Answering these questions requires both an objective evaluation of data quality parameters and use of professional judgment. In some cases, you might decide to use data that other agencies have excluded from their analyses; in other cases, you might reject data that others have used. It is your responsibility to decide what data are appropriate for the PHA process and to justify these decisions.
Generally, you can be confident in the quality of sampling data that went through the following steps:
- Measured by standard laboratory techniques or rigorously tested field methods (e.g., EPA reference methods for particulate matter).
- Collected and analyzed following methods approved by EPA and other agencies.
- Accompanied by thorough QA/QC documentation indicating the data have been verified and validated and that DQOs were met.
However, remember that just because sampling data are of a known and high quality does not mean they are perfectly suited for the purpose of estimating human exposure. Data used in the PHA process should provide insights relevant to an exposure unit and for a completed or potential exposure pathway.
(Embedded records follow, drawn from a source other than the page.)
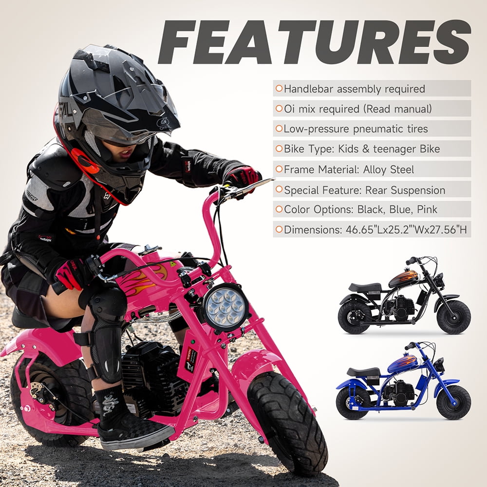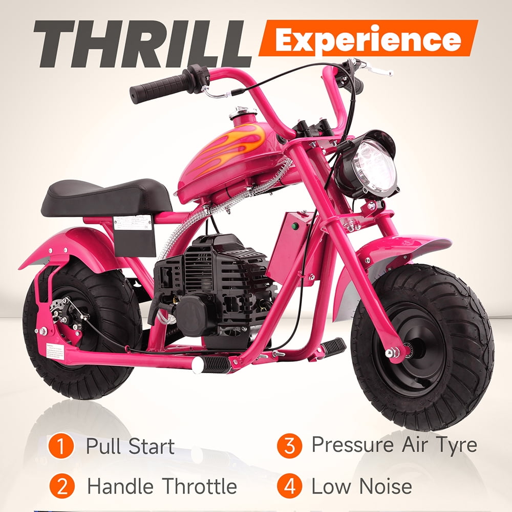 Aoemoe 49cc Kids Mini Chopper Dirt Bike, 2-Stroke Gas Powered Off-Road Motorcycle with Disc Brakes, Max Speed 18MPH, Max Load 160LBS, Pink
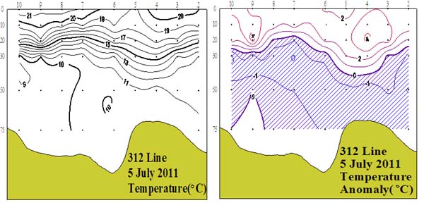 ㅇ 2011년 7월 5일 국립수산과학원 서해수산연구소에서 조사한 312선 (제주해협 서방)의 수직수온분포도 및 평년편차도입니다. ㅇ 수온약층은 10~30m 부근에서 14℃를 중심으로 형성되었습니다. ㅇ 평년에 비하여 표층~30m 수층에서는 0~3℃의 고온현상을 보였으며, 30m 이심에서는 1℃ 내외의 저온현상을 나타내었습니다.
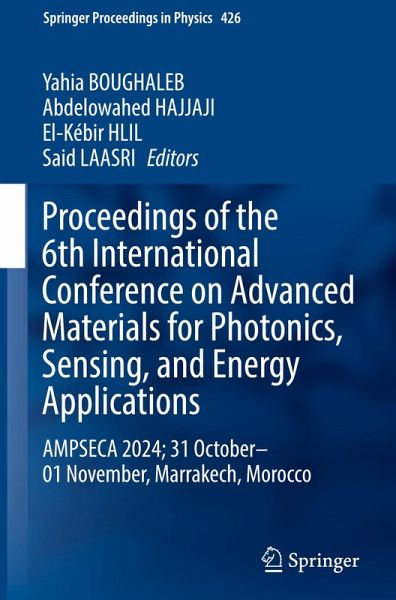 This book presents a selection of scientific peer reviewed articles presented at the 6th International Conference on Advanced Materials for Photonics, Sensing, and Energy Applications (AMPSECA 2024) held on 31Oct and 01Nov at Marrakech in Morocco. It explores advances in design, manufacturing, and applications of materials, as well as their use in biomaterials for medical, biological, and environmental applications. It discusses the challenges and opportunities associated with transitioning to clean and sustainable energy sources, as well as the technological and policy innovations needed to address these challenges. A dedicated track on Hydrogen Technologies examines the role in transition to a hydrogen-based economy, addressing topics such as production, storage, use, and infrastructure of hydrogen. The book also includes selected articles highlighting progress in detection and bio-detection technologies, including a range of innovative sensors and detection approaches tailored for various applications such as healthcare, environmental monitoring, and security systems. It emphasizes recent trends and advancements illustrating the dynamic evolution of photonics-based detection techniques and their crucial importance in contemporary science and technology. These articles make a significant contribution to research and understanding in their respective fields and provide an overview of the latest developments in these crucial areas of science and technology.
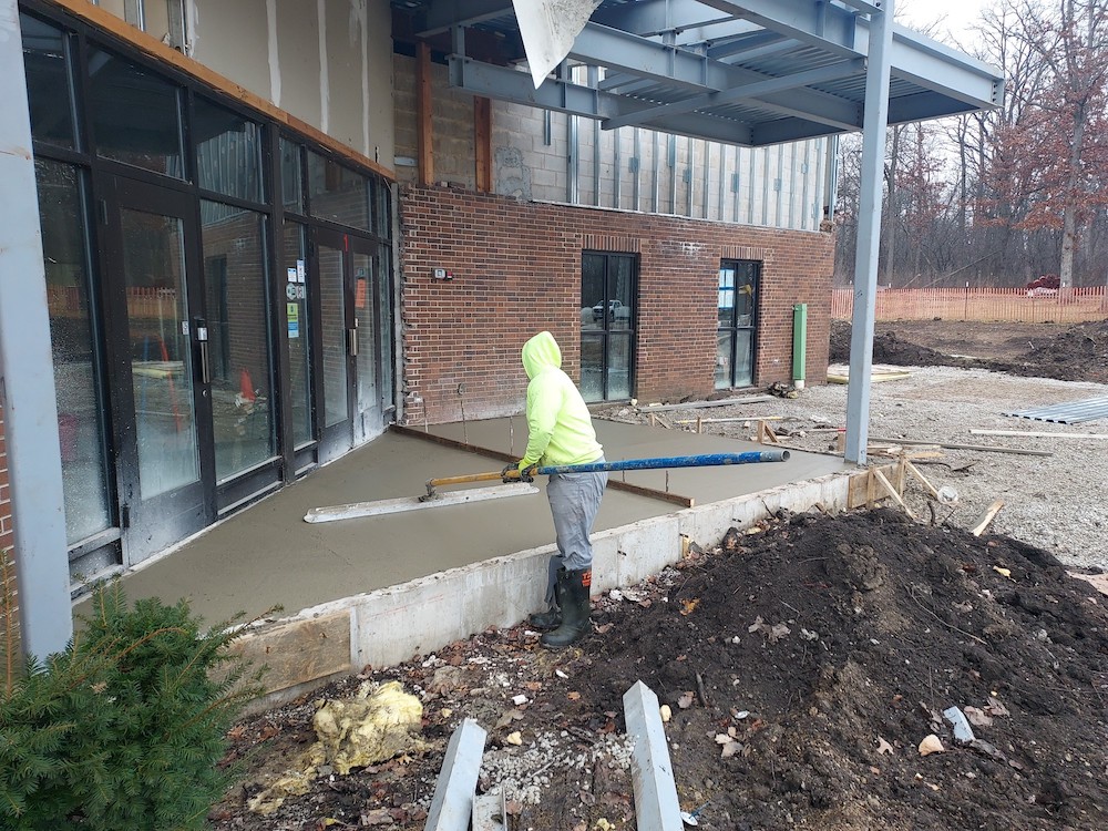 The concrete slab has been poured. The contractor will now conduct work on the mechanical system while the concrete cures.
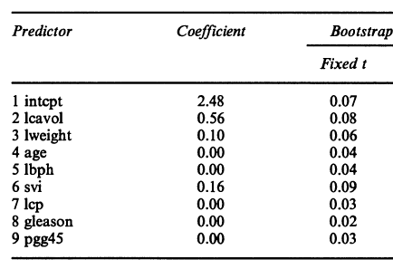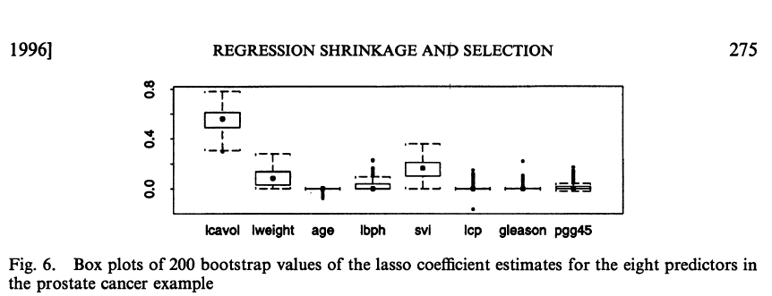 저자는 이 논문 제시하는 추정 방법을 특별히 LASSO(Least Absolute Shrinkage and Selection Operator)라 칭하였고 이는 회귀 계수를 축소시켜주어 분산을 작게하고 특정 회귀 계수를 0으로 추정함으로써 변수 선택의 이점을 갖는다고 한다. 즉, LASSO는 능형 회귀와 변수 선택의 장점을 동시에 누리는 것이다.
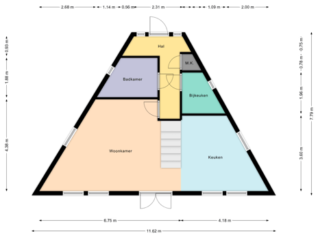 Bijkeuken ca. 3 m² (alwaar cv-installatie en aansluitingen voor was- en droogmachine)
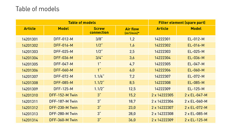 | Filter type | Micro-filtration aerosols of oil & water, solid particles |
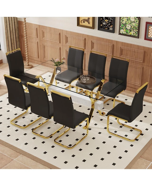 Streamdale Elegant Glass Dining Set with 8 Pu Chairs (71"x35.4")
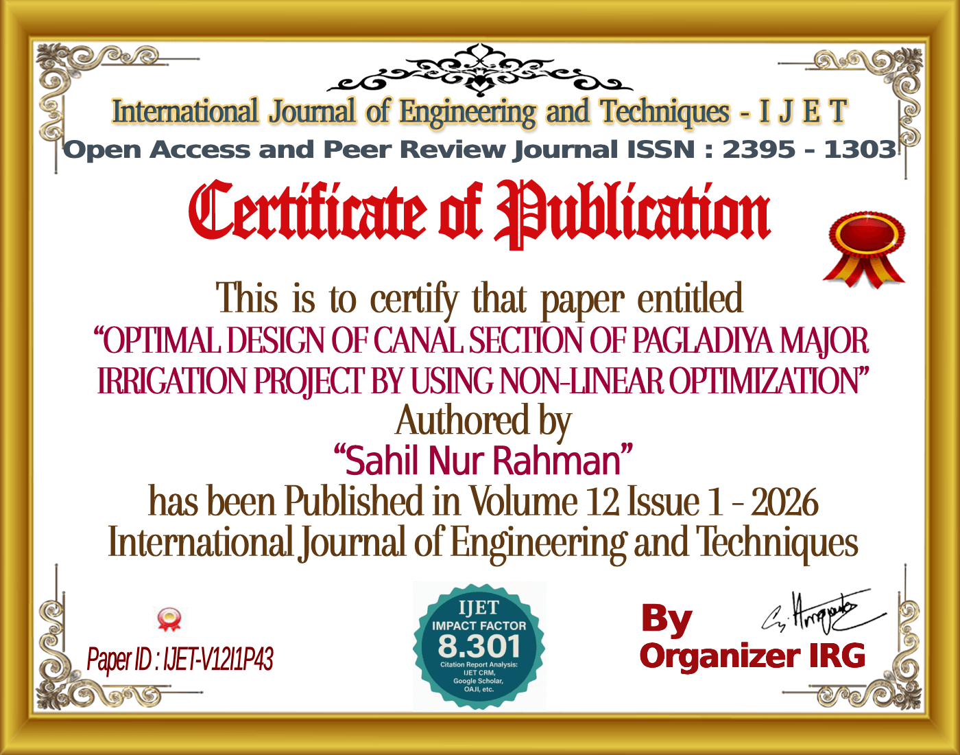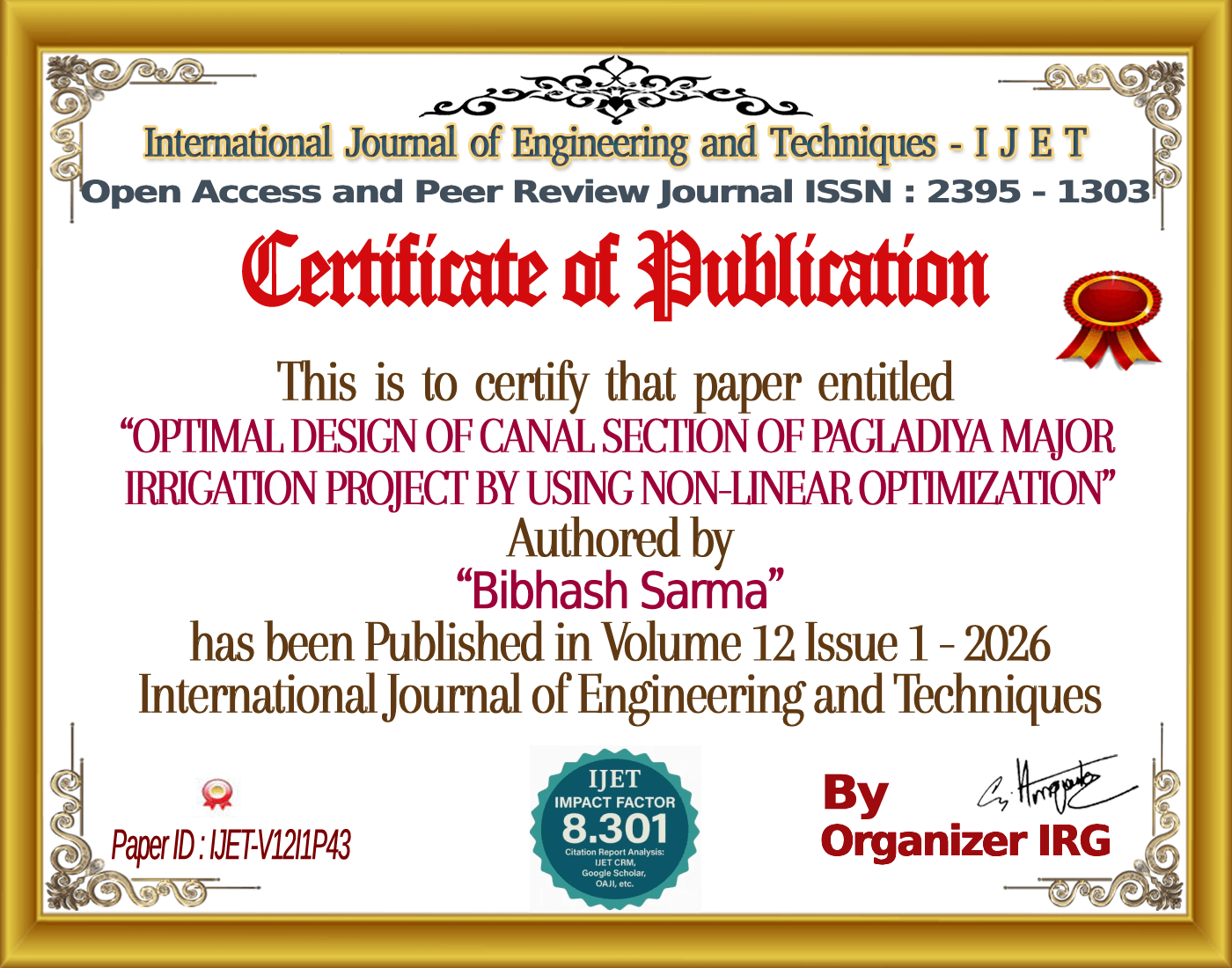 Sahil Nur Rahman, Bibhash Sarma, “OPTIMAL DESIGN OF CANAL SECTION OF PAGLADIYA MAJOR IRRIGATION PROJECT BY USING NON-LINEAR OPTIMIZATION,” International Journal of Engineering and Techniques (IJET), vol. 12, no. 1, February 2026, doi: https://zenodo.org/records/18684613.

When sampling data do not meet all the quality criteria, health assessors should do the following:
- Discuss the data limitations with SMEs and the ADS group.
- Explain in your documents the nature of the limitations (e.g., incomplete data sets, no QA/QC information, original laboratory data packages not available). Also convey your findings in the context of the data limitations. For example, indicate whether using such data may lead to exposure overestimates or underestimates.
- Consider whether the available data that do not meet quality criteria can be used to reach public health conclusions. Acknowledge, to the extent possible, how conclusions about potential public health hazards may change if additional information was gathered.